— Но как вы можете требовать чего-нибудь от ваших подруг, когда сами ничего им не даете?
— Мы не понимаем друг друга. Я оказываю им всевозможное внимание. Я готова сделать для них все, что я могу; пусть они попросят у меня, что угодно, я все сделаю с величайшим удовольствием; но я не даю моим подругам моего сердца, потому что, поверьте, мне досадно давать его, ничего не получая взамен.
— Никогда не может быть досадно, когда поступил хорошо, когда исполнил свой долг.
— Дружба не есть долг. Вы не делаете ни добра, ни зла, даря вашу дружбу. Такая дружба, как ваша, не чувствительна, потому что у вас это постоянная потребность; но если она идет из глубины сердца, то очень прискорбно видеть, что на нее отвечают неблагодарностью.
— Если кто-нибудь неблагодарен, тем хуже для него.
— Вот это эгоистично. Прежде я думала, что люблю весь мир; но я вижу что эта всемирная любовь есть ни что иное, как всемирное равнодушие. Я питаю величайшее расположение к себе подобным. Я вижу, какие они дурные, и это делает меня в высшей степени снисходительной… Читали вы Эпиктета? Я нахожу, что в дружбе надо быть стоиком. Вы получаете толчок и вы не можете удержать проявления удивления или страха, — это не от вас зависит; но от вас зависит — не покориться вашим первым чувствам. Нельзя помешать себе почувствовать то или другое предпочтение, но можно помешать себе покориться ему.

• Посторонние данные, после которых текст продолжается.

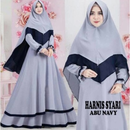 Jual Gamis Syari Biru Dongker Kombinasi Abu 07 Terlaris Di Lapak Andeskama Muslim Bukalapak - Kombinasi antara kain polos dan motif brokat yang cantik menciptakan perpaduan warna biru dongker atau navy memang lagi happening banget belakangan ini.

— Эти чтения ведут к атеизму. Вы кончите полным неверием.
— О, нет. Если бы вы знали мои мысли, вы бы этого не сказали.
— Философов вредно читать.
— Нет, не вредно, когда имеешь солидный ум… Но знаете, — сказала я, — если взвесить хорошенько, только одно на свете стоит чего-нибудь (я говорю о чувствах) — любовь.
— Да.
— Нет на свете большего наслаждения — как любить и быть любимой.
— Это правда.
— Но и тут, ради Бога, не углубляйтесь! Не будем искать ничего, кроме удовольствия, которое нам дают и которое мы даем. Любовь сама по себе божественна, т. е. божественна, пока она продолжается; она делает человека совершенным по отношению к любимому предмету; преданность, нежность, страсть, постоянство, искренность, в ней есть все. Будем углубляться в любовь, но не в человека. Человека можно сравнить с гротом, в глубине которого есть или сырость, или грязь, или выход, т. е. отсутствие всякой глубины. Все это не мешает мне любить моих ближних.

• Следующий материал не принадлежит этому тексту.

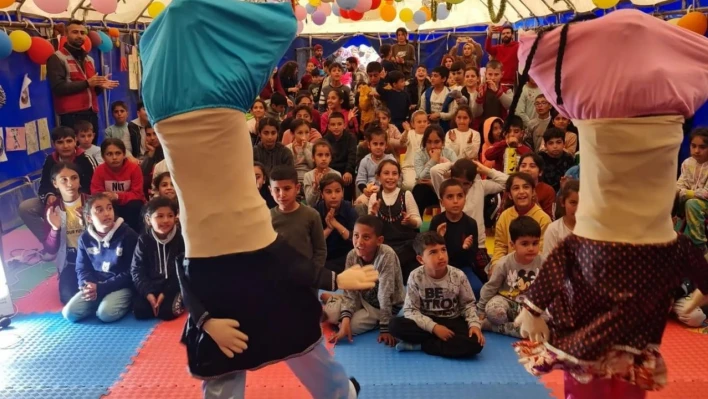 Şehr-i Bingöl Tiyatrosu ekibi, depremin vurduğu Adıyaman'da çadır kenti ziyaret ederek çocukları eğlendirdi.

— Нельзя ничем наслаждаться, если быть ко всему равнодушным.
— Постойте, постойте пожалуйста, я не равнодушна, но я ценю людей по достоинству.
* * *
Мама сегодня плакала; у тети совсем расстроенное лицо; они говорили обо мне и о моих мучениях.
Я возвращалась к себе с опущенными руками, с устремленными вперед глазами, с сдвинутыми бровями; я задыхалась несмотря на голубое небо, на брызжущий фонтан, на покрытый плодами куст кизила, на чистый воздух. Я шла вперед сама того не замечая.
Почему не предположить, что я люблю его, такого недостойного, каков он есть.
О небо! объясните-же мне, что это за человек и что это за любовь?
Во мне все должно быть раздавлено: самолюбие, гордость, любовь.
Вторник, 6 июня. Я прочла то, что записала вчера, и нашла одно горе и слезы.
К двум часам я настолько оправилась, что больше не сердилась и вздыхала только от презрения. Эти мысли недостойны, не следует вспоминать об оскорблениях, когда нельзя отомстить за них. Думать о них, значит придавать слишком много значения людям недостойным, — это унижение; и я думаю не о людях, а о себе, о своем положении, о беззаботности моих родителей.
Если бы А., подняли вопрос о религии, это только позабавило бы меня; и если бы они стали просить меня выйти за Пиетро, я бы не согласилась.
Но меня мучит стыд и мысль, что им сказали про нас дурное.
Все говорили об этом браке и уже, конечно, не скажут, что отказ идет от нас. Впрочем, они будут правы. Разве я не согласилась? Чтобы тянуть, чтобы сохранить его во всяком случае; я в этом не раскаиваюсь, я хорошо поступила, и если это дурно вышло, то не по моей вине.
Нас не знают, слышат одно слово здесь, другое там, преувеличивают, придумывают… О, Господи Боже! И не быть в состоянии ничего сделать!
Поймите меня, я не жалуюсь, я рассказываю, — вот и все.
Я глубоко презираю весь мир, и потому я не могу ни жаловаться, ни сердиться на кого бы то ни было.
Значит, любовь, такая, какой я себе представляла ее, не существует? Это только фантазия, идеал.
Итак, высшая чистота, высшая скромность просто выдуманные мною слова?